• Supplied material:
+ + + +

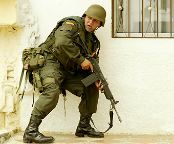 Colombian police reacts during a raid searching urban rebels of the FARC in Medellin, October 17, 2002. The offensive left at least 10 people dead and 18 wounded, the latest casualties in the country's 38-year-old war. FARC and ELN rebels are waging a bloody battle against anti-guerrilla militias in Medellin's slums, where thousands of peasants fleeing violence have settled.[Reuters]
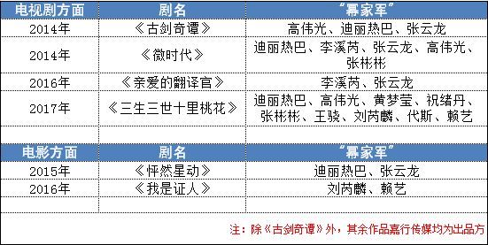 据不完全统计,自2014年起,高伟光、迪丽热巴、张云龙、李溪芮、张彬彬等人就开始频繁出现在杨幂出演的影视作品里。而这些作品都有一个共同特点:嘉行传媒出品。
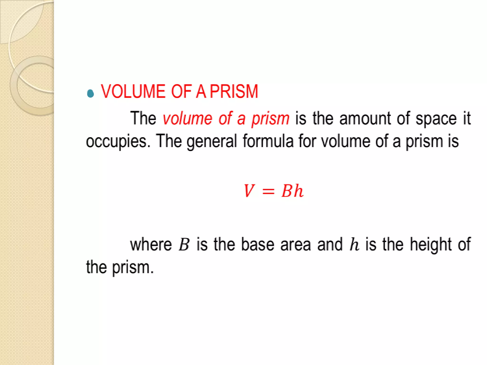 The presentation mentions the importance of properties and formulas relating to prisms, though specific content is not provided.
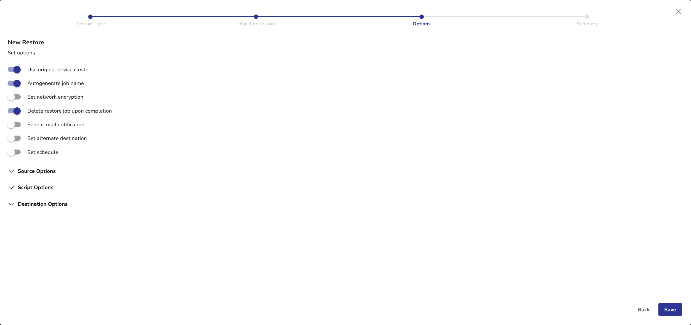 - Leave all options at their default, and click Save. The restore job definition with a default name will be created.

+ + + +

• Work item: Copy out the listing above in full and keep the pictures out.

• Answer area:
 Colombian police reacts during a raid searching urban rebels of the FARC in Medellin, October 17, 2002. The offensive left at least 10 people dead and 18 wounded, the latest casualties in the country's 38-year-old war. FARC and ELN rebels are waging a bloody battle against anti-guerrilla militias in Medellin's slums, where thousands of peasants fleeing violence have settled.[Reuters]
 据不完全统计,自2014年起,高伟光、迪丽热巴、张云龙、李溪芮、张彬彬等人就开始频繁出现在杨幂出演的影视作品里。而这些作品都有一个共同特点:嘉行传媒出品。
 The presentation mentions the importance of properties and formulas relating to prisms, though specific content is not provided.
 - Leave all options at their default, and click Save. The restore job definition with a default name will be created.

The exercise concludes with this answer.